Kendilerine daha önce Kitap verilenler, onlara ilim (ve hikmet dolu ayetler) geldikten sonra, sırf aralarındaki (çıkar çatışmaları, cehalet, taraf tutmak, kin, ihtirâs, azgınlık ve) çekememezlik yüzünden hakikati inatla reddederek din konusunda anlaşmazlığa düştüler. (Böylece her ümmet, bir sonraki Peygamberi inkâr etti. Bununla da kalmayıp, Peygamberlerin getirdiği inanç sistemini terk ederek, onun yerine kendi uydurdukları hurâfeleri din hâline getirdiler. Nihâyet Allah, Son Elçiyi göndererek hakikati yeniden ve açıkça ortaya koydu. O hâlde) her kim Allah’ın ayetlerini inkâr ederse, şunu iyi bilsin ki, Allah hesabı çabuk görendir!”4

“Her kim, (kişisel çıkarlarını, arzu ve ihtirâslarını terk edip Allah’ın hükmüne kayıtsız şartsız boyun eğerek barış ve esenliğe ulaşmak anlamına gelen ve bütün Peygamberlerin insanlığa getirdikleri mükemmel bir hayat nizamı olan) İslâm’dan başka bir din (dünya görüşü; hayatı anlamlandırma tarzı) ararsa, (şunu iyi bilmelidir ki böyle bir din) kendisinden asla kabul edilmeyecek ve o, âhirette de kesinlikle zarara uğrayanlardan olacaktır.”5 Bu ayetler aynı zamanda İslam’ın ve Kur’an’ın evrenselliğini belirler.

Fıtrat dinidir

İslam, insanın fıtratına en uygun olan dindir. Selim akılla ve fıtratla bir çatışmaya girmez. Bu tespit, aslı bozulmamış, ilahi olma vasfını koruyan bir din için geçerlidir. İslam’ın dışındaki dinler, Kur’an’ın beyan ettiği üzere tahrif olmuştur.6 Haliyle bizim bu önermemiz diğer dinleri dışta tutmaktadır. Hahamlar ve papazlar kendi kafalarından bir takım kurallar koymak suretiyle başka bir din icat etmişler, sonra da onun bile kurallarını ihlal etmişlerdir.7

Muharref olduğu Kur’an tarafından açıkça beyan edilen dinler için semavi, ilahi veya İbrahimi ifadelerini kullanmak, batıl dinlere hak din muamelesi yapmaktır. Hazreti İsa’ya gelen ilahi dinin sadece İsrail oğullarına gönderildiğini düşünecek olursak, sonraki süreçte bu dinin muharref biçiminin evrensel konuma çıkarılması anlaşılır gibi değildir. Hatta muharref biçimine; “İsa’nın yaşadığı vahiy tecrübesidir” demek ise tam bir misyonerlik çalışmasıdır.

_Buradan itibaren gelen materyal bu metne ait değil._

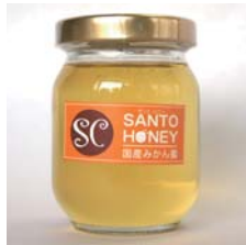
国産はちみつ みかん 170g……………税込 1,575円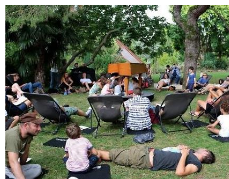
© Photo de gauche à droite : Festijoux / La Compagnie du Deuxième / Bach à Sable

SAMEDI 15 septembre 2018 DE 10H A 18H, A L'Îloz' AU GRAND PARC MIRIBEL JONAGE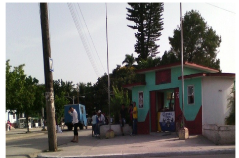
Círculo social "Hermanos Santo"

expensa del sacrificio de la gran mayoría y peor aún, si se trata de estudiantes, y del pueblo trabajador que es quien labora y produce y es el que menos se beneficia con esta nueva modalidad gastronómica. Pues sus recursos no alcanzan para tales precios.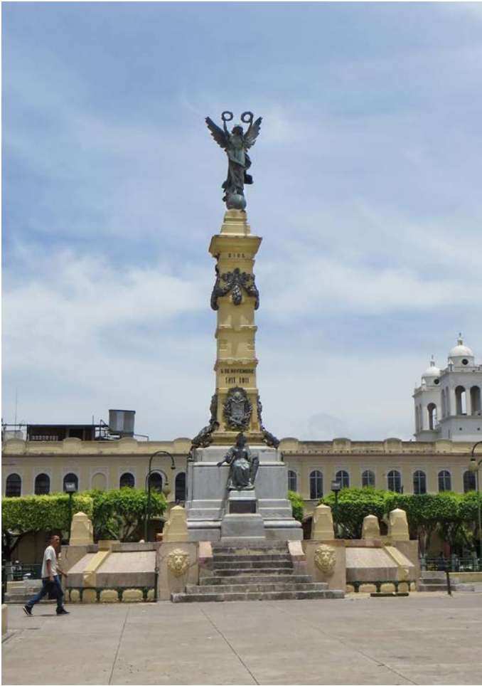
2. Monumento a la libertad en la plaza mayor de San Salvador. 1811. Monumento en mármol y bronce. Altura: 20 m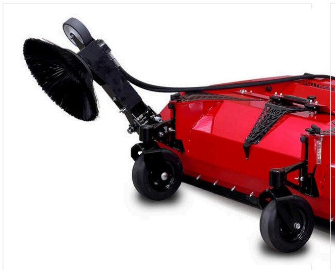
Cepillo rotativo SC3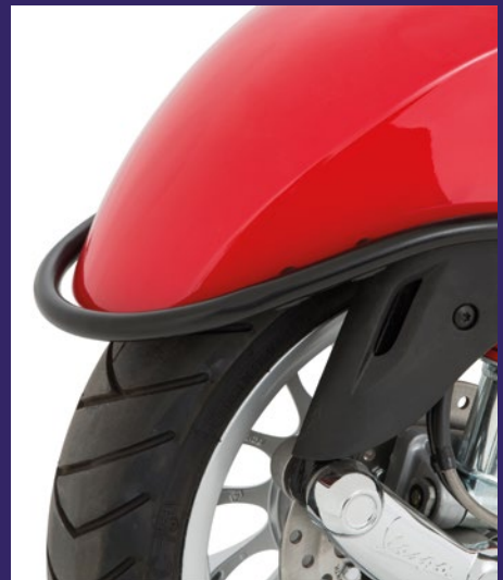
SCHUTZBÜGEL VORDERRADABDECKUNG IN SCHWARZ MATT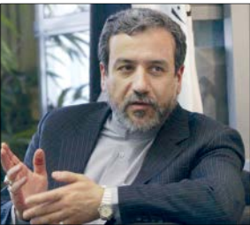
معاون سیاسی وزیر خارجه

وزیر خارجه پاکستان تاکید کرد: ایرانی‌ها آماده مذاکره در چارچوب برجام هستند اما خارج از چارچوب آن مذاکره نمی‌کنند. شاه محمود قریشی در گفت‌وگو با شبکه فاکس نیوز در پاسخ به پرسشی درباره هدف از سفرش به ایران گفت: هدف اصلی من این بود که تاکید کنم تشدید تنش‌ها و وقوع یک درگیری جدید به نفع هیچ‌کسی نیست و پاکستان خواهان کاهش تنش است. ما بر این باوریم که یک مناقشه جدید می‌تواند بسیار خطرناک باشد و فراتر از منطقه برود. وی درباره پاسخ مقامات ایرانی به این اظهارات گفت: رئیس‌جمهور و وزیر خارجه ایران، هر دو تاکید داشتند که آنها خواهان افزایش تنش‌ها نیستند و می‌دانند پیامدهای تشدید اوضاع چه خواهد بود. / ایسنا

Temelinde insanın müdahalesi olan ve ilahi olanı tebdil ve tahrif etmekle ortaya çıkan bu dinler fıtratla çatışmaya girmiştir. Hazreti İsa aleyhis selam’a gelen İslam’ın tahrif edilmesiyle ortaya çıkan ve Pavlos’un öğretisi olan Hıristiyanlık; kaynakça, temel kavramlar, ritüeller, hayata bakış ve anlam verme hususlarında bünyesinde bulundurduğu çelişkilerden dolayı, “anlama ve yorumlama” konularında Hıristiyan ilahiyatçılar yeni doktrinler geliştirmişlerdir. Tarihsellik ve hermenötik de Hristiyanlığı anlama hususunda ortaya konan felsefi çalışmalardan ikisidir.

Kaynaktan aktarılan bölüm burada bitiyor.